To access an associative array, you may get the value with a given key, set a key to a particular value, or remove the entry for a given key.

To keep function names short, we will use the name “dict” for this datatype in the interface below. Your associative array should have the following interface:

my_dict_t
This type holds all of the information required to access a dictionary. It should probably be a struct, but as a user of your data structure implementation I should not need to know anything about this type.

void dict_init(my_dict_t* dict)
This function initializes a dictionary in the memory pointed to by dict.

void dict_destroy(my_dict_t* dict)
This function takes a my_dict_t* and destroys it. This should free any allocated memory associated with the dictionary. It is not safe to do anything with the my_dict_t* after it has been passed to this function.

void dict_set(my_dict_t* dict, const char* key, int value)
This function adds or updates an entry in dict. If there is already an entry for key, then its value will be updated. If no entry exists for key, a new one is added.

bool dict_contains(my_dict_t* dict, const char* key)
This function should return true if the dictionary contains a value with the given key.

int dict_get(my_dict_t* dict, const char* key)
This function looks up a key in dict. If there is an entry for key, the last value associated with this key is returned. If no matching entry exists, the function returns -1.

void dict_remove(my_dist_t* dict, const char* key)
This function removes any entry associated with key. If there is no entry for key, this function does nothing. After removing a key from the dictionary, dict_contains should return false for that key, even if it was set multiple times.

Requirements

You are free to choose any implementation method for your associative array, with some reservations. You may not assume any upper bound on the number of elements that will be in a dictionary, your implementation must be re-entrant, and you may not use a linear scan to implement the entire dictionary. Hash tables and binary search trees are both reasonable implementation strategies, but scanning through a linked list or array is not. Please describe the implementation approach you are using for your dictionary in README.md, including both the underlying data structure (hash table, binary tree, etc.) and the synchronization strategy you are using.

Multiple threads may access the same dictionary concurrently, and you are required to allow concurrent accesses whenever possible; two calls to get, for example, should not block each other. The exact details of what kinds of accesses can happen in parallel will depend on your implementation. Document the types of accesses that may will block each other in your README.md, along with the data structure invariants that your locking scheme preserves.

Testing

Use Google Test to check the invariants you specified for your dictionary data structure. Remember that thread interactions are difficult to control, so an improperly-synchronized data structure may pass all of its tests. If you make your tests run longer, with enough concurrent accesses, you are more likely to catch an error.

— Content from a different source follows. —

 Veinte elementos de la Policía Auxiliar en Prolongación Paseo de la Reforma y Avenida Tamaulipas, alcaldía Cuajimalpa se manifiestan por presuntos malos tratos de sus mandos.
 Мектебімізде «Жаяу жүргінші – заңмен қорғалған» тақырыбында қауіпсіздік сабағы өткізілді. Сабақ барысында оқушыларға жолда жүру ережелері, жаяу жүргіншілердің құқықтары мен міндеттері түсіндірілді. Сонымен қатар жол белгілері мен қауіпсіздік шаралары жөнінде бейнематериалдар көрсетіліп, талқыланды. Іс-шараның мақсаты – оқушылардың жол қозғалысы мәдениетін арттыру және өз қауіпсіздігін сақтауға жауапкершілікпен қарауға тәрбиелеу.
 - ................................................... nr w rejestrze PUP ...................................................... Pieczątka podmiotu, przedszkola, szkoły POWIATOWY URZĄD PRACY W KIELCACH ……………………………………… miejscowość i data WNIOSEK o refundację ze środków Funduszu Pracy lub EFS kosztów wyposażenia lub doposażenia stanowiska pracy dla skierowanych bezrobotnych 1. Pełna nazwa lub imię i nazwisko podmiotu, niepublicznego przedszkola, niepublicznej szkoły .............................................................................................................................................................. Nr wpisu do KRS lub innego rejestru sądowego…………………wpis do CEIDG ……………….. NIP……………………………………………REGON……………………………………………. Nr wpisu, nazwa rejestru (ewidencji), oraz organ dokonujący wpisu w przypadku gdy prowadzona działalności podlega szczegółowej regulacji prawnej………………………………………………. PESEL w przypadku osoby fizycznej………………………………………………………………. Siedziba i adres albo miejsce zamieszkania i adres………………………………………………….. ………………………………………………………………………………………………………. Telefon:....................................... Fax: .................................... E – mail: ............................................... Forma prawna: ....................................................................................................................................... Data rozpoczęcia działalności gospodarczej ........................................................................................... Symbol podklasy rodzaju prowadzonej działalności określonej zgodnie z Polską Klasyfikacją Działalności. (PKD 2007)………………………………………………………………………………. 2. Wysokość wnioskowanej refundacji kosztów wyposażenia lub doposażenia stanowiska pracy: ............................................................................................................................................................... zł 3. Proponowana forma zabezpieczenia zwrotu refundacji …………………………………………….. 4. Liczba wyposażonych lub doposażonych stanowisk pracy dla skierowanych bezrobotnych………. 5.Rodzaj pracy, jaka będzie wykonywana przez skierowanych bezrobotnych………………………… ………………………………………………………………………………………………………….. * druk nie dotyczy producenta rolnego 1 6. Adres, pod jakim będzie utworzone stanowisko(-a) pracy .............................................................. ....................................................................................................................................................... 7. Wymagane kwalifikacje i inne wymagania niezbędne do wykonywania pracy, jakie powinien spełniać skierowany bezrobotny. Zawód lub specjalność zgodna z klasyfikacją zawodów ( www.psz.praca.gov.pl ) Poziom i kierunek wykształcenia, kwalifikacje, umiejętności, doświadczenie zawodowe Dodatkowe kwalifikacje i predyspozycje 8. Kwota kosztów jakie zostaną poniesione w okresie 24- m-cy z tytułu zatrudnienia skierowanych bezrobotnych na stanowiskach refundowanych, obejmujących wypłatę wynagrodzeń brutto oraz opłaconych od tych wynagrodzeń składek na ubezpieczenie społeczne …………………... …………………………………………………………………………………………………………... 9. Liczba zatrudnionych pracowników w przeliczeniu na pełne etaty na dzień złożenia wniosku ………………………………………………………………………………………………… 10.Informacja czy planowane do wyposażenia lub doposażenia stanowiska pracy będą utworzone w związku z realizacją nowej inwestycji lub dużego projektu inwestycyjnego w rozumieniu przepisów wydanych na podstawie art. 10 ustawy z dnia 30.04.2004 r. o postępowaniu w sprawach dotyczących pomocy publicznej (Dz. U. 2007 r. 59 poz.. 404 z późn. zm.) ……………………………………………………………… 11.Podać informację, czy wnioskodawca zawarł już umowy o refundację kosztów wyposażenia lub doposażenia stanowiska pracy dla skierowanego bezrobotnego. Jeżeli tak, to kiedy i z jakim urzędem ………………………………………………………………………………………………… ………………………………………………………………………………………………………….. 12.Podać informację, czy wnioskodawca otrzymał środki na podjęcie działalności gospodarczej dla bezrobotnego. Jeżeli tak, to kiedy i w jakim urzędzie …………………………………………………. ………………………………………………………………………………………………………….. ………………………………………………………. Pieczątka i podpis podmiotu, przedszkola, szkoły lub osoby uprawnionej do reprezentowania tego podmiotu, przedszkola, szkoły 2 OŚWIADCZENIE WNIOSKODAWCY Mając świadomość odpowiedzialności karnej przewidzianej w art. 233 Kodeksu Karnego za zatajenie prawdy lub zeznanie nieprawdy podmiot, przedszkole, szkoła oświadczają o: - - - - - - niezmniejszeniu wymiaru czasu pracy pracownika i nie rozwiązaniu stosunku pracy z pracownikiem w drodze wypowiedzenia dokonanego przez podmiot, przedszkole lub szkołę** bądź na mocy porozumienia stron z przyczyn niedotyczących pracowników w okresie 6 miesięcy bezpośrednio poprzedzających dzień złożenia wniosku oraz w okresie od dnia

The included test cases check the basic functionality of your dictionary. Please leave these in place; add additional test cases to check your invariants.

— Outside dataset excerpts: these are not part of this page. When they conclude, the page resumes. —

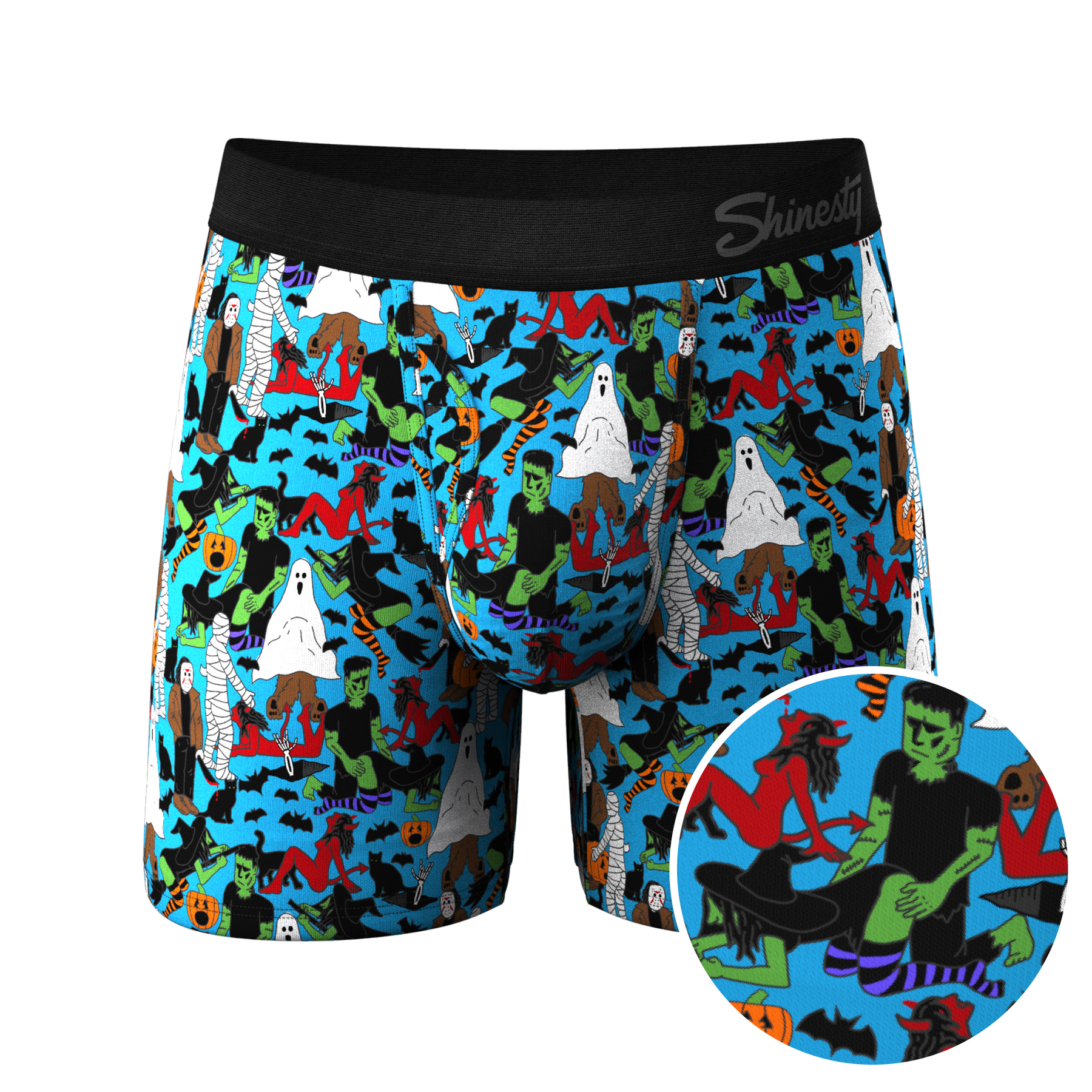 Studies show that horniness can turn people into irrational monsters, and based on this print we’re gonna have to say the science is solid. Donning these Halloween Ball Hammock® Boxers With Fly is only going to improve your chances with that sexy police officer at your Halloween party. We recommend verifying the authenticity of their costume before requesting an extensive bedside handcuff demonstration.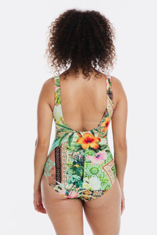 A one piece swimsuit with a square neckline and vertical lines of ruching which offers a flattering fit. Featuring elastic under bust support, power mesh tummy control and full lining. 82% Nylon, 18% Spandex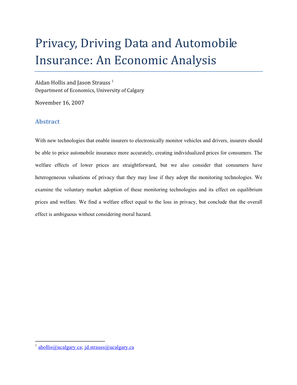 有了新技术,保险公司可以对车辆和司机进行电子监控,据此,保险公司能够提供更为准确的车险定价,并可根据不同消费者制定个性化的价格。更低的车险定价所带来的福利效应是直接的,但同时我们也认为如果采用电子技术对车辆和司机进行监控,可能会存在基于隐私的异质性评价。我们审查试点地区市场采用这些监测技术及其对平衡的影响价格与福利的过程中发现福利效应等同于隐私的损失,但总体而言,不考虑道德风险的影响是模糊的。

You do not need to test whether certain accesses will proceed in parallel or not. This is especially difficult to check with automated tests, so you will likely need to resort to careful code reading to verify that your synchronization scheme is working.

Grading

Your grade for this part of the lab will depend on several factors:

  1. Are your data structure invariants accurate and reasonably complete?
  2. Do your tests adequately check that these invariants are preserved?
  3. Is your description of allowed concurrent accesses to the data structure accurate?
  4. Is your data structure properly synchronized?
  5. Is your code concise, clean, and well-documented?
  6. Does your code build without warnings?
  7. Does your code consistently check for error conditions in standard library calls?
  8. Is your program free of memory leaks?
  9. Does your synchronization scheme allow concurrent reads without blocking?
  10. Does your synchronization scheme allow concurrent writes to different keys without blocking?